In the days before the pandemic, around this time, many families would be on their summer road trip, where some would be searching for an escape from the madness of the trip. Such a feeling is shared by many in the securities defense bar, who have longed for relief from the overbroad effects of the nebulous insider trading standards applied by both the courts and government regulators. Countless attempts have been made to discern any semblance of logic from the myriad of cases in this area, and even federal judges have expressed their dissatisfaction at the current state of insider trading law. See Tom McParland, “Judicial Inconsistency Frustrates Purpose of Insider Trading Law, Rakoff Says,” New York Law Journal (Feb. 28, 2020).
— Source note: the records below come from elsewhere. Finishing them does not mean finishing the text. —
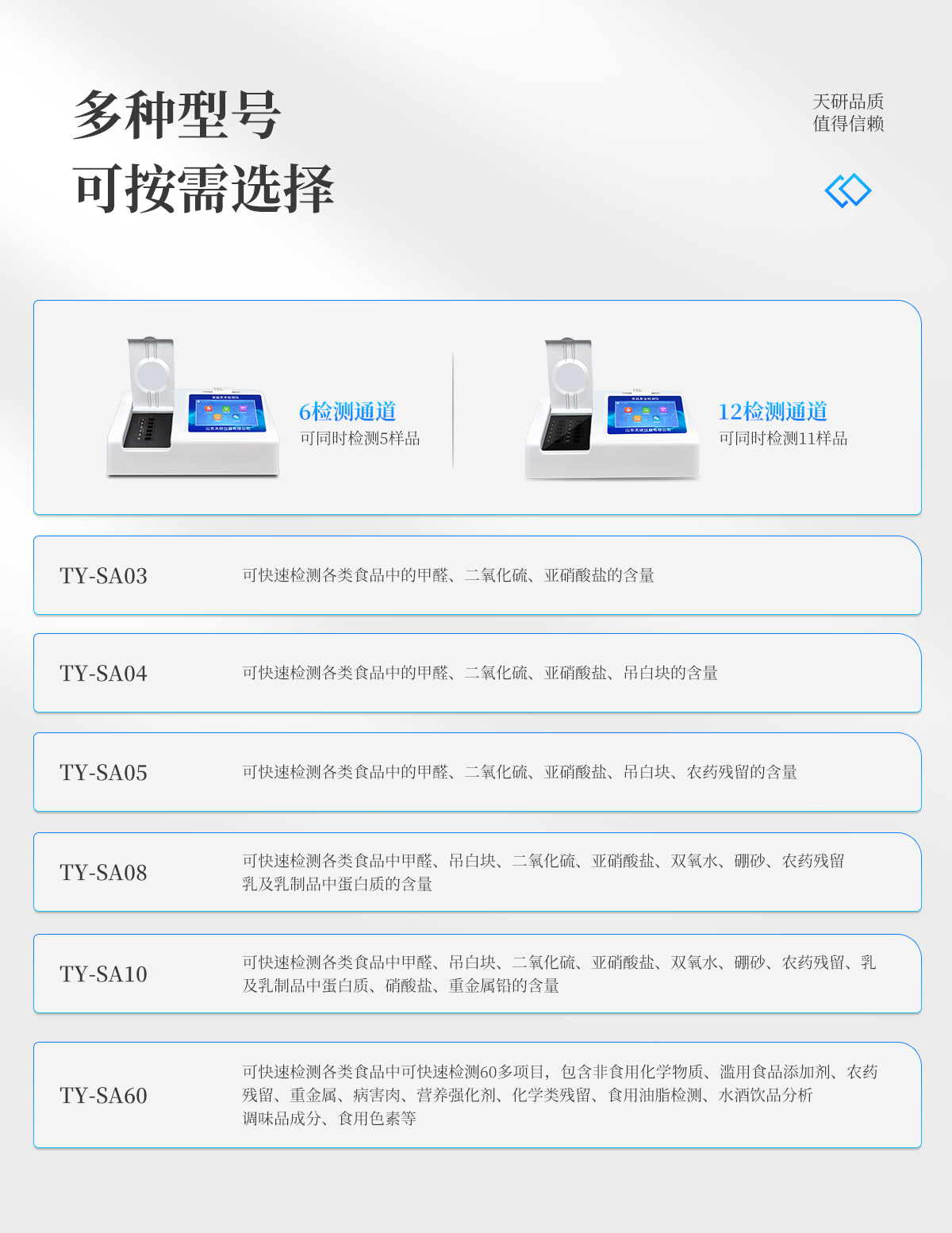 產(chǎn)品描述:產(chǎn)品介紹:多功能食品安全檢測(cè)儀可快速檢測(cè)200多項(xiàng)目,包含非食用化學(xué)物質(zhì)、濫用食品添加劑、農(nóng)藥殘留、獸藥殘留、重金屬、病害肉、營(yíng)養(yǎng)強(qiáng)化劑、抗生素類殘留、激素類殘留、真菌毒素類殘留、化學(xué)類殘留等現(xiàn)場(chǎng)的定性定量檢測(cè)。該多功能食品安全檢測(cè)儀為集成化食品安全快速檢測(cè)分析設(shè)備,廣泛應(yīng)用于市場(chǎng)監(jiān)管局、檢測(cè)中心、衛(wèi)生【詳情】
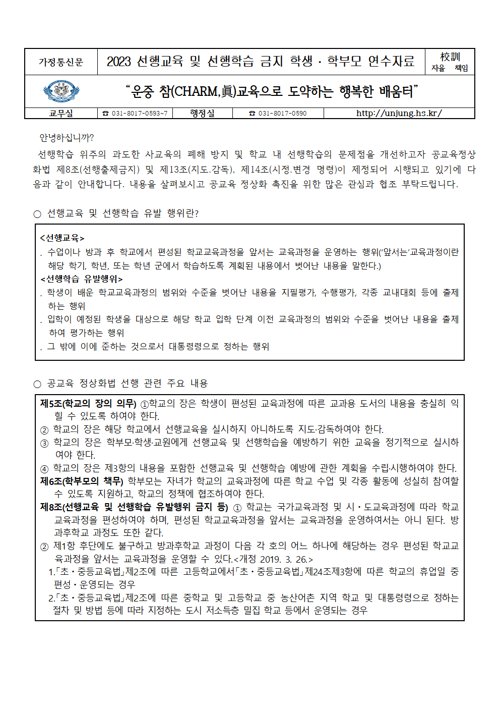 2023 ¼±Çà±³À° ¹× ¼±ÇàÇнÀ ±ÝÁö Çлý ․ Çкθ𠿬¼öÀÚ·á
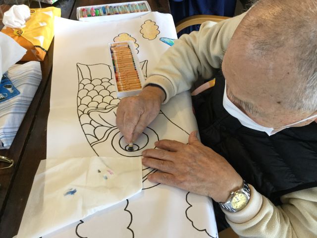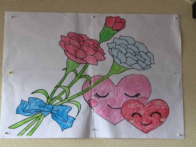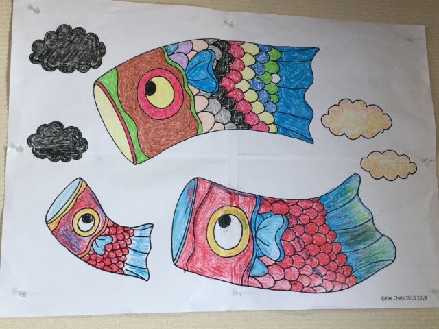 合作塗り絵は鯉のぼりや母の日のカーネーションが鮮やかにアレンジされて塗りあげられました。
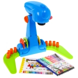 Dětský projektor na kreslení je ideální volbou pro malé umělce. Obsahuje 32 motivy na 4 kotoučcích, které snadno promítnete na papír a obkreslíte přiloženými fixy. Projektor má nastavitelnou výšku a je velmi snadno ovladatelný – stačí vložit vybraný kotouč a kresby se objeví na sledovaném místě.
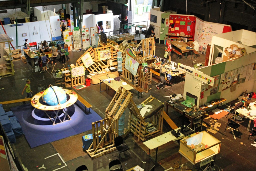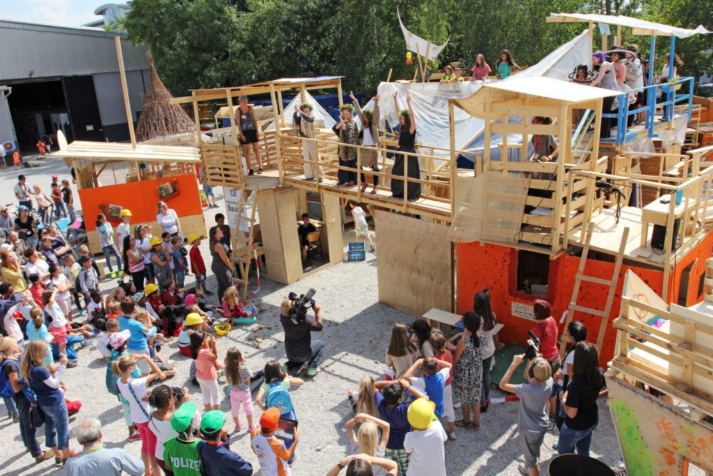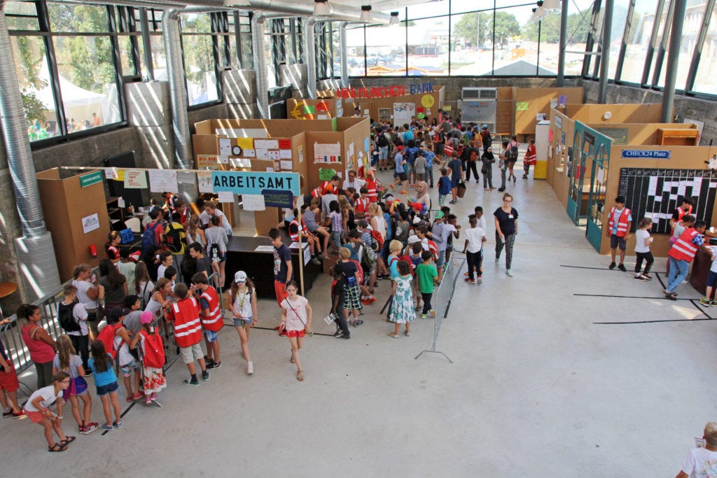 Mini-Munich is a laboratory of learning, thinking and doing and deserves to be discovered as such. Because the children want to do things, they think, and in doing so they learn. Many, even in Munich, still think of this as a very lovely and rather elaborate holiday childcare provision. This is not childcare! Mini-Munich relates to school not as leisure relates to work, it relates to it more as the grammar of industrial society relates to that of a post-industrial society built around human activity, which is being shaped here, and that is what is so remarkable. One gets an idea of what a school could look like. One made of workshops, studios, practice rooms, also cafés and rooms of stillness. In such a school teachers would also be those who gather interesting people. They bring in experts, masters of their craft, ambassadors from the world of meaningful work, and lead the children out to interesting places. The school itself would be a base camp of society, a generative place where generations come together and create something new. And how important is the vitality and curiosity of children for us adults! It would be a give and take.

For decades, the boundaries of insider trading law were primarily determined through cases brought by the U.S. Securities and Exchange Commission (SEC) and the U.S. Department of Justice (DOJ). The U.S. Court of Appeals for the Second Circuit was actively involved in deciding many of the major insider trading cases, and was a shrewd force behind the development of this body of law. The SEC and DOJ have never had a “bright line” test for insider trading actions, and, thus, both agencies often relied upon the vagaries of the general anti-fraud statute found in the federal securities laws—Securities Exchange Act of 1934 (Exchange Act) Section 10(b) and Rule 10b-5 promulgated thereunder—as well as numerous court decisions to bring both civil and criminal cases.